## PROBLEM TO SOLVE
Below are the records. Retype exactly the lines between the lines holding "De 1 mm dunne, gegroefde" and "Invitation de mariage", inclusive.

## GIVEN DATA
....
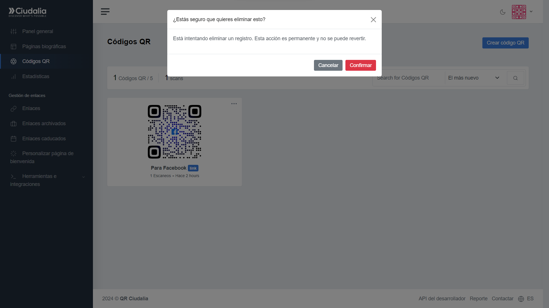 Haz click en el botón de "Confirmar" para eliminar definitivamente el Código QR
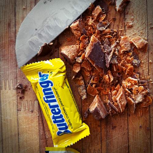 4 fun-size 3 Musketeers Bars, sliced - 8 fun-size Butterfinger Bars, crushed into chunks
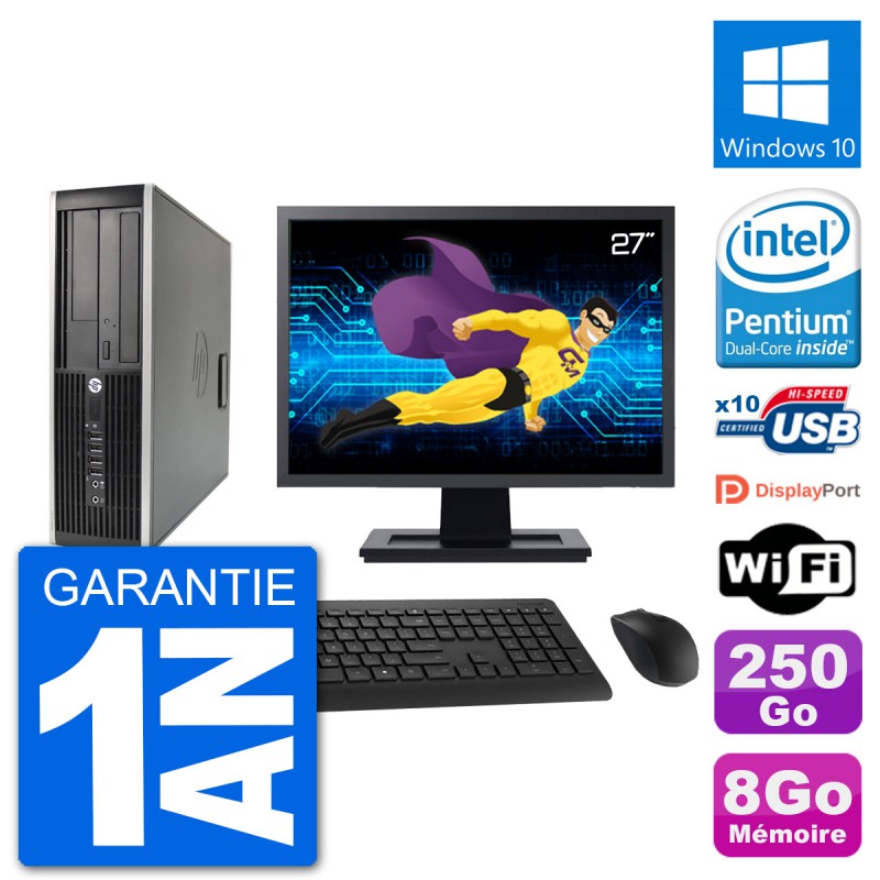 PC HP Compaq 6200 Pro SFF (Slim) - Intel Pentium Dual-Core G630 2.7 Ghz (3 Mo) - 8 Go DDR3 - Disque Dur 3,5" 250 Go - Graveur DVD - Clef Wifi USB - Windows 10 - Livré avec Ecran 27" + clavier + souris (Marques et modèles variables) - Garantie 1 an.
....
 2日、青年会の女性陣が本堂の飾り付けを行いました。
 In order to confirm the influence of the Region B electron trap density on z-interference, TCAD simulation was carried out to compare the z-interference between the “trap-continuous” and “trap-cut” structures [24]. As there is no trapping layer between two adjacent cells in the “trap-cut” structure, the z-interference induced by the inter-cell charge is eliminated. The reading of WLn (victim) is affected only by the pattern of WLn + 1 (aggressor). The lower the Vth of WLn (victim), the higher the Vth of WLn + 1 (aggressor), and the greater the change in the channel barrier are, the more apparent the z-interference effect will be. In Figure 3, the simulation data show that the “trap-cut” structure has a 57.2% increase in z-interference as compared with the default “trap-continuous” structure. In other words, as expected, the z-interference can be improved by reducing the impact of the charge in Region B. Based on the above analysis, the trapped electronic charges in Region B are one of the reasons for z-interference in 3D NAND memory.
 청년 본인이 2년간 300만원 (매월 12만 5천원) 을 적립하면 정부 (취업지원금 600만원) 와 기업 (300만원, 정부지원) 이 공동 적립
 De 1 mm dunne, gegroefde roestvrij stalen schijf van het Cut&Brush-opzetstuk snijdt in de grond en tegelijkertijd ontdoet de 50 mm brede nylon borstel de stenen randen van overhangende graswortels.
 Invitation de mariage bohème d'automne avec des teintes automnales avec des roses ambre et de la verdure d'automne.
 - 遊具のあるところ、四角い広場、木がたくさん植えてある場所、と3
....
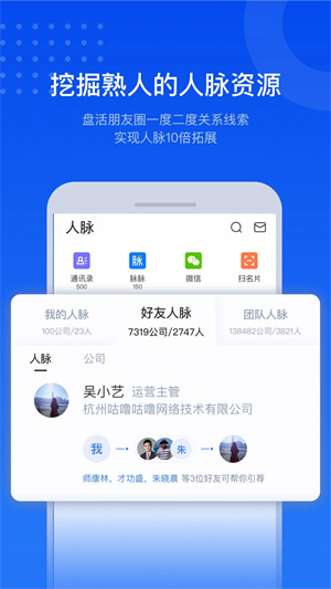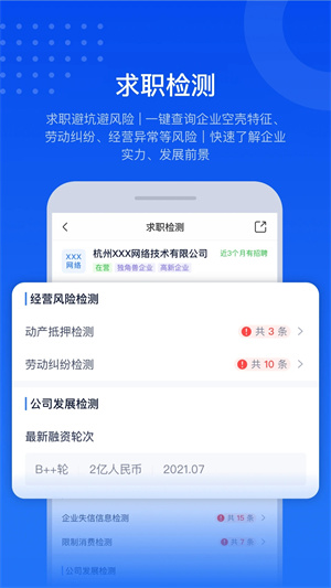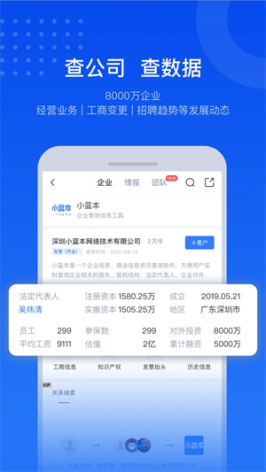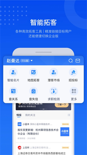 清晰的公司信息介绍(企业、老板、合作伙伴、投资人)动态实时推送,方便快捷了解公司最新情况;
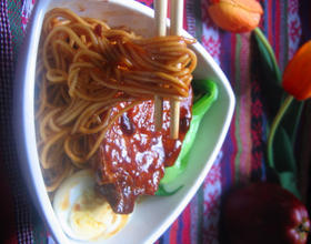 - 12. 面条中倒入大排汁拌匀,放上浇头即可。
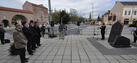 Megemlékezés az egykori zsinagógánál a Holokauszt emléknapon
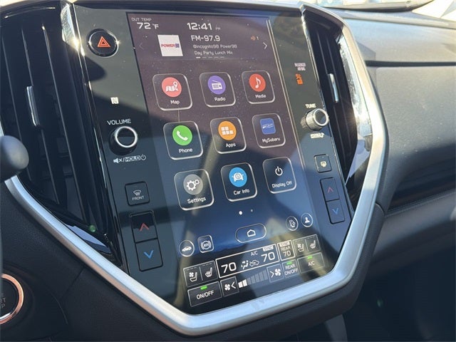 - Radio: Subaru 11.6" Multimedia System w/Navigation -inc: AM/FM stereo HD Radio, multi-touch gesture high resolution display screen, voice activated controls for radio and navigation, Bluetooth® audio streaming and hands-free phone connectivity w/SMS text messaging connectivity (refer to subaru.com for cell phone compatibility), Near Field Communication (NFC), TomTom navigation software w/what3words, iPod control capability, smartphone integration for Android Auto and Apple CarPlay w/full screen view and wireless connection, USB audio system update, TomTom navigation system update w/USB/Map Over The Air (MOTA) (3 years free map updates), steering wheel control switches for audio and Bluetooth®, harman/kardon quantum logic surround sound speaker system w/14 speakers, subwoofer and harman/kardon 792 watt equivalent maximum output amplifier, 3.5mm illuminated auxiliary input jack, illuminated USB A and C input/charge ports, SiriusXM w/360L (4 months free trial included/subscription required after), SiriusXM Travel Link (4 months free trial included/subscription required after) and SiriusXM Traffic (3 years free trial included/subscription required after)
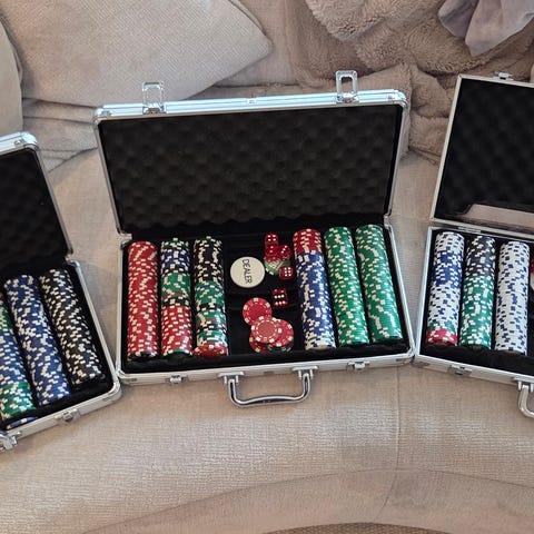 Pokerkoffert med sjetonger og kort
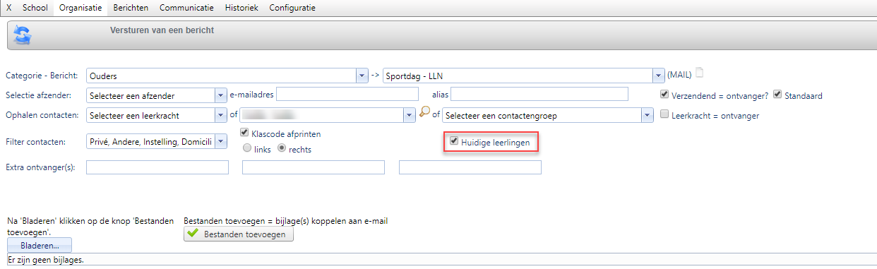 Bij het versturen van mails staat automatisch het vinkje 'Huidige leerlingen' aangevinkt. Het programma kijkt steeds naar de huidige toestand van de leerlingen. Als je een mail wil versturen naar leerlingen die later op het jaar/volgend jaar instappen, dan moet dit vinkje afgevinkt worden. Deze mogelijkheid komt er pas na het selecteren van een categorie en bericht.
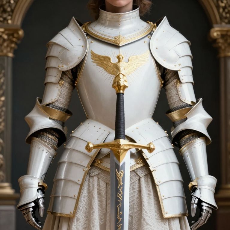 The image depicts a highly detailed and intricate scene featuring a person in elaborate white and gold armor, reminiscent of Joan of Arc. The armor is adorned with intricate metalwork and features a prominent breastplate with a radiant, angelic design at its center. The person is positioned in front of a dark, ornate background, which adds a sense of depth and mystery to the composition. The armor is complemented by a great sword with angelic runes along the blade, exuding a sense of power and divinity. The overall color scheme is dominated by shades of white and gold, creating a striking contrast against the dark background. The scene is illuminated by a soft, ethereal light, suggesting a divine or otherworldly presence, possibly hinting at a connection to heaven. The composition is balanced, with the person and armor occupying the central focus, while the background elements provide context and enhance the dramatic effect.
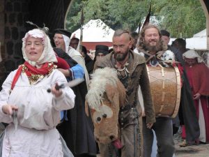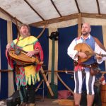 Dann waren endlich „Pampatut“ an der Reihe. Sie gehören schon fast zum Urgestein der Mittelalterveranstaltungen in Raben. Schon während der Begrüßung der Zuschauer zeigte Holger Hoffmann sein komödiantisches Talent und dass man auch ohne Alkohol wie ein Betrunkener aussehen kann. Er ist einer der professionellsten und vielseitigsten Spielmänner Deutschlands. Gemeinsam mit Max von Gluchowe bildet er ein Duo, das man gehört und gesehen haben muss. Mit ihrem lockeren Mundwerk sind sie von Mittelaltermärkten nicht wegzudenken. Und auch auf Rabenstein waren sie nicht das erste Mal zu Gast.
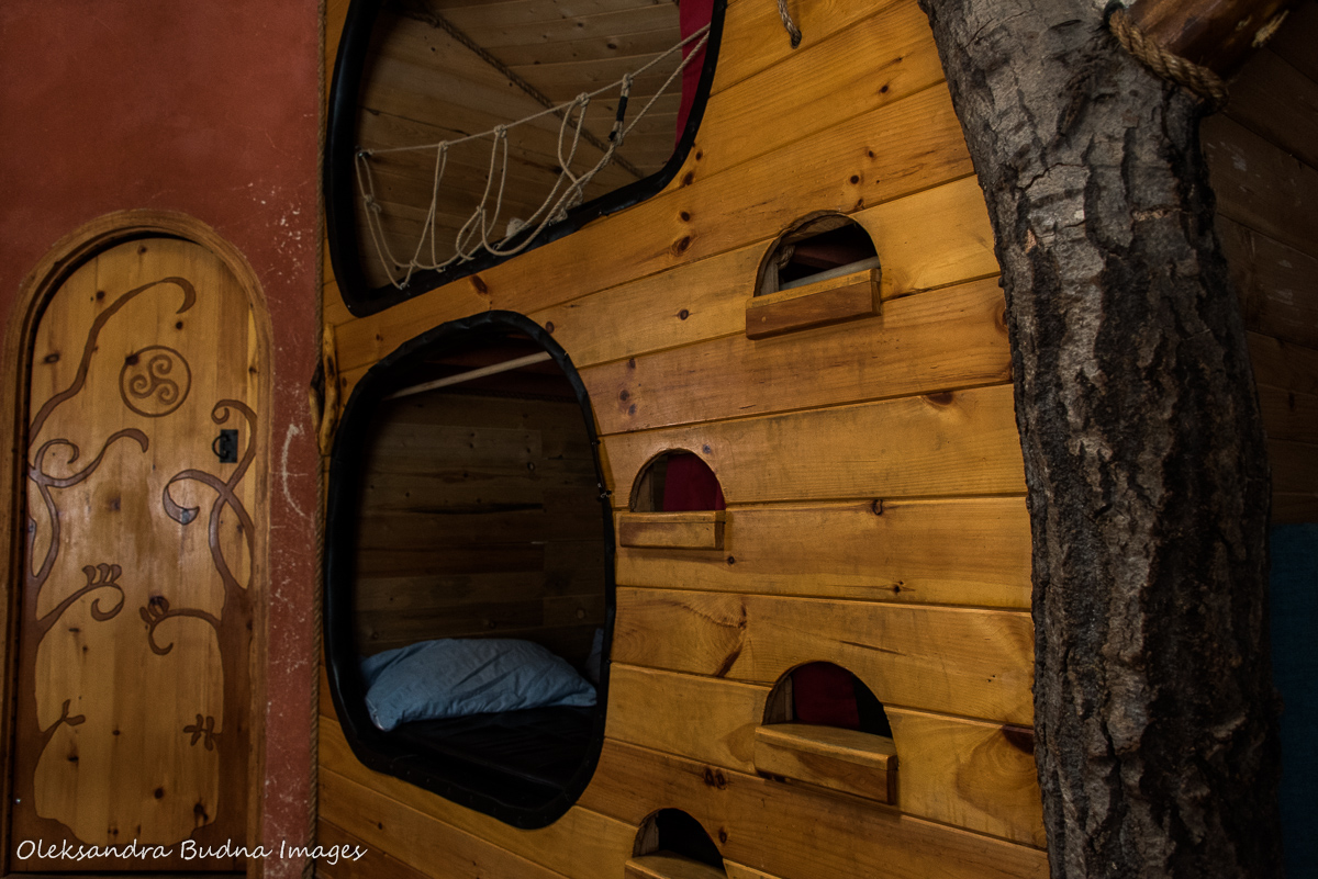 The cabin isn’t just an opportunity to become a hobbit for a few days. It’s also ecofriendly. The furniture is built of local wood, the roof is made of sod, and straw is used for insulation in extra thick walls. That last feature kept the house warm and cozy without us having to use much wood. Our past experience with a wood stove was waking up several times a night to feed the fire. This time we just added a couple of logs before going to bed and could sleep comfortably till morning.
....
## OUTPUT OF THE TASK
 De 1 mm dunne, gegroefde roestvrij stalen schijf van het Cut&Brush-opzetstuk snijdt in de grond en tegelijkertijd ontdoet de 50 mm brede nylon borstel de stenen randen van overhangende graswortels.
 Invitation de mariage bohème d'automne avec des teintes automnales avec des roses ambre et de la verdure d'automne.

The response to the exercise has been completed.